Which adapter for you
| If your situation is… | Pick | Why |
|---|---|---|
| You have Android Auto and want it wireless | Motorola MA1 | Google-authorized, best reconnect reliability. |
| You want both CarPlay and Android Auto in one dongle | AAWireless TWO+ | 2-in-1, active firmware support. |
| You have an iPhone and want the cheapest CarPlay option | Ottocast U2-Air | Low price; expect the occasional quirk. |
| Your car has NO factory CarPlay/Android Auto | None of these | An adapter can't create CarPlay — you'd need a head-unit upgrade. |
Each pick is one of the products ranked below - this row is for shortcutting based on your situation, not a separate recommendation.
Wireless CarPlay and Android Auto adapters are one of the fastest-growing car-tech categories — and one of the most misunderstood. Before you buy, understand exactly what these little dongles do and don't do.
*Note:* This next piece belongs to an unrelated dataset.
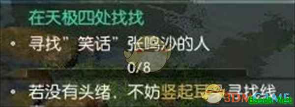 2、根据指引前往天极的指定坐标点位【1772.228】,和张鸣沙对话即可接取城中笑谈任务。 3、之后就需要再天极四处找到八个笑话张鸣沙的人,按数字键1可能竖起耳朵查看并倾听周围的对话声。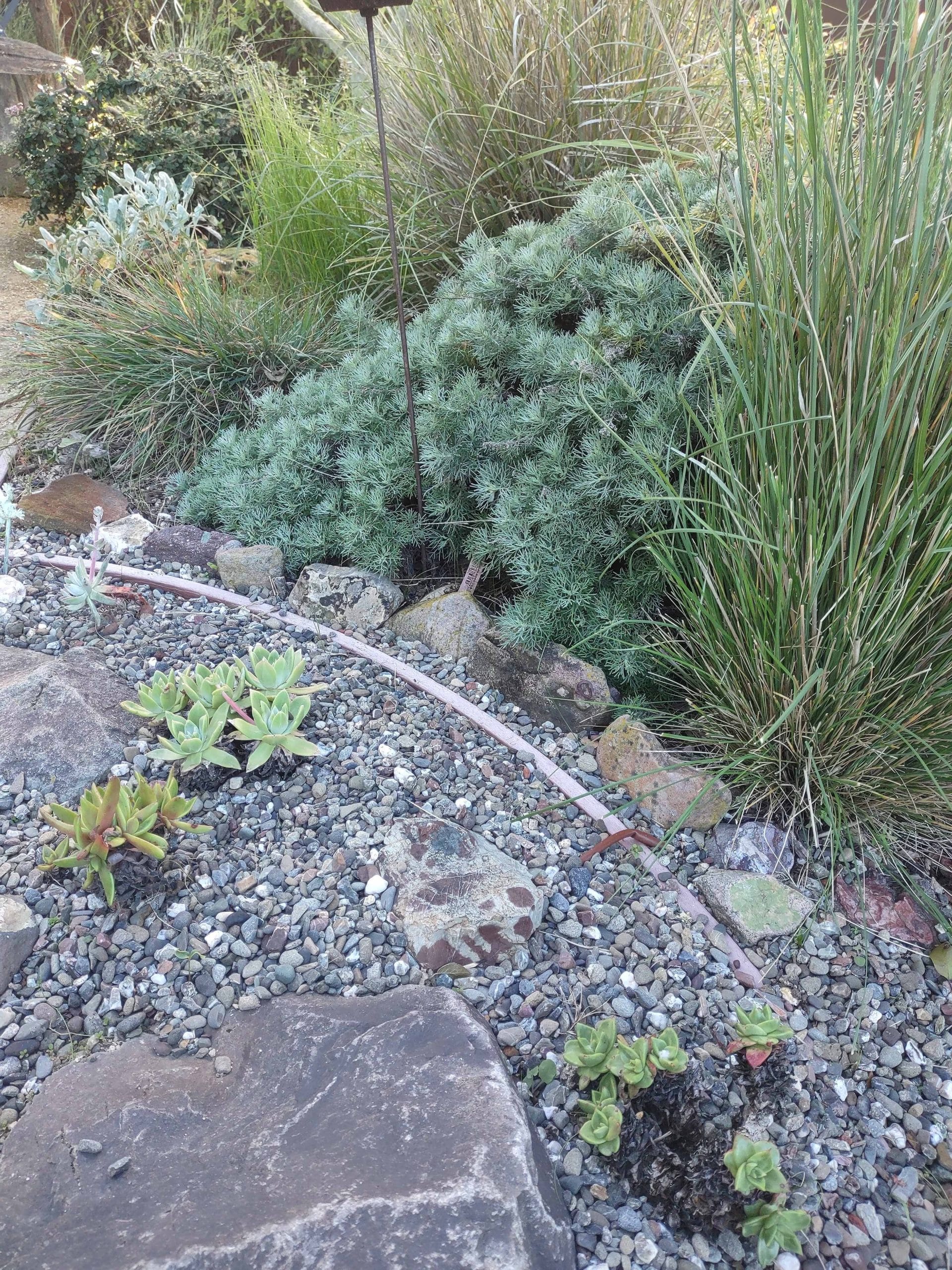 Keystone species—our own, local ecological powerhouse plants— in this garden include coast live oak, huckleberry, California lilac, pink flowering currant, chapparal currant, hazelnut, sage, snowberry, manzanita, elderberry, buckwheat, ocean spray, native honeysuckle, and penstemon.

The one requirement everyone misses
These adapters cannot give your car CarPlay. They convert the WIRED CarPlay or Android Auto your car already has into a wireless connection. If your car has no factory CarPlay, no dongle can add it — that misunderstanding drives most of the one-star reviews in the category.
Check first: if plugging your phone in with a cable brings up CarPlay/Android Auto, an adapter will make that wireless. If it doesn't, you need a different solution entirely.
What actually matters: reliability and lag
The spec sheet is useless here because the two things that decide satisfaction — how reliably it reconnects each drive, and how much lag it adds to maps and touch — don't appear on the box.
Buy on reconnect reliability and latency, full stop. A good adapter connects in 15–30 seconds every time and holds the connection without random drops. Everything else is noise.
The Motorola MA1 is the only Google-authorized wireless Android Auto adapter, and its reliability reputation is why it dominates. For CarPlay or a mixed-phone household, the AAWireless TWO+ is the firmware-supported 2-in-1 to beat.
Firmware support separates the good from the frustrating
The best brands actually ship firmware updates that fix disconnects and lag. That's the difference between a dongle that gets better over time and a generic one that stays flaky. Pay the small premium for a unit with a track record of updates.
How they compare
The table scores each on our 0–100 DriveScore — weighted almost entirely toward connection reliability and latency, exactly as this category should be judged — blended with real owner ratings.
Bottom line
Confirm your car has factory wired CarPlay/Android Auto, then buy for reliability: Motorola MA1 for Android Auto, AAWireless TWO+ for CarPlay or both. Skip the cheapest generic dongles — the random mid-drive disconnect isn't worth the few dollars saved.